Integrals like this are often solved manually by selecting an appropriate coordinate system and limits that neatly represent the integration domain, e.g.

\[\int_0^{\pi} \int_0^{2\pi} \int_0^{5} f(\bar{r}) ~ \text{d}\rho~\text{d}\theta~\text{d}\phi\]

This works great for simple geometries, but requires integration code that is geometry-specific. This package leverages parametric functions defined in Meshes.jl and differential forms to define integral methods that are general solutions for all geometries.

Parametric Functions

Every supported Meshes.Geometry type is defined as having a parametric function that maps from a local parametric coordinate system to every point on the geometry. Curve-like geometries will have a single parametric dimension, surfaces will have two dimensions, and volumes will have three dimensions; this can be checked for a particular geometry via Meshes.paramdim(geometry).

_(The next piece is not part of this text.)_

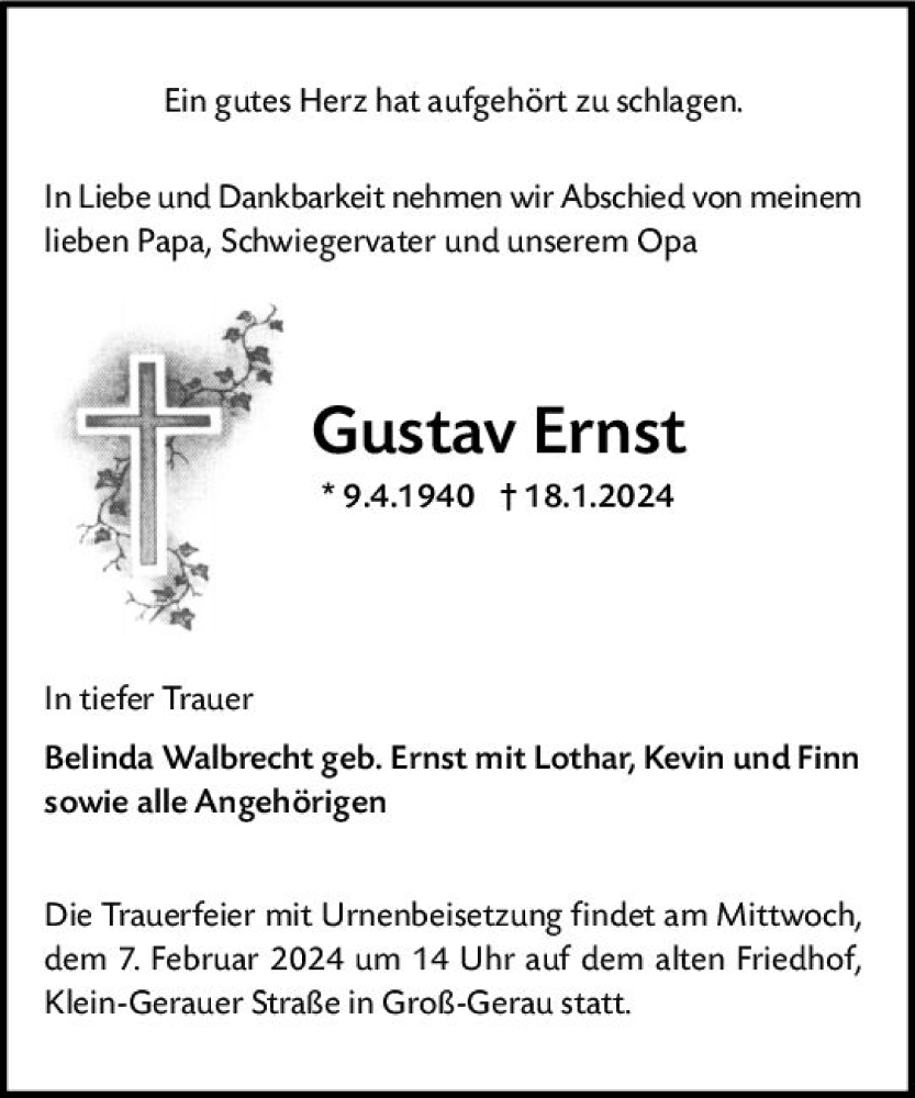 Hier finden Sie alle Traueranzeigen aus der Zeitung, die bisher für Gustav Ernst erschienen sind. Weitere Traueranzeigen, die in der Zeitung erscheinen, werden hier ebenfalls aufgelistet

For consistency across geometry types, with some notable exceptions, these parametric functions are defined to take coordinates inside a normalized range $[0,1]$. In the example case of ball, Meshes.jl defines a parametric function mapped in normalized spherical coordinates $(t_\rho, ~t_\theta, ~t_\phi)$. We find, then:

Meshes.paramdim(ball) == 3    # a volume

ball(tρ, tθ, tφ)    # for args in range [0, 1], maps to a corresponding Meshes.Point

ball(0, tθ, tφ) == center

In effect, we can now use the geometry itself as a function that maps from three normalized ($0 \le t \le 1$) arguments to every point on the geometry. For the sake of generalization, let this parametric function be called $g$.

\[\text{g}: (t_1,~t_2,~t_3) ~\mapsto~ \text{Point}\big[ x, ~y, ~z \big] \]

Differential Forms

Using differential forms, the general solution for integrating a geometry with three parametric dimensions ($t_1$, $t_2$, and $t_3$) is

\[\iiint f(r̄) ~ \text{d}V = \iiint f(\bar{r}) ~ \bar{\text{d}t_1} \wedge \bar{\text{d}t_2} \wedge \bar{\text{d}t_3}\]

This resultant differential (volume) element is formed at each point in the integration domain by taking the Jacobian of the parametric function.

\[\mathbf{J}_f = \begin{bmatrix} \bar{\text{d}t_1} & \bar{\text{d}t_2} & \bar{\text{d}t_3} \end{bmatrix}\]

where

\[\bar{\text{d}t_n} = \frac{\partial}{\partial t_n} ~ \text{g}(t_1,~t_2,~t_3)\]

Each of these partial derivatives is a vector representing the direction that changing each parametric function argument will move the resultant point. The differential element ($E$) size is then calculated using geometric algebra as the magnitude of the exterior product ($\wedge$) of these three vectors.

\[E(t_1,~t_2,~t_3) = \left\| \bar{\text{d}t_1} \wedge \bar{\text{d}t_2} \wedge \bar{\text{d}t_3} \right\|\]

Finally, we use the parametric function itself, $g$, as a map to all points $\bar{r}$ in the integration domain. Since Meshes.Geometry parametric functions all operate on normalized domains, we can now solve any volume integral as simply

\[\int_0^1 \int_0^1 \int_0^1 f\Big(\text{g}\big(t_1,~t_2,~t_3\big)\Big) ~ E(t_1,~t_2,~t_3) ~ \text{d}t_1 ~ \text{d}t_2 ~ \text{d}t_3\]

This form of integral can be trivially generalized to support $n$-dimensional geometries in a form that enables the use of a wide range of numerical integration libraries.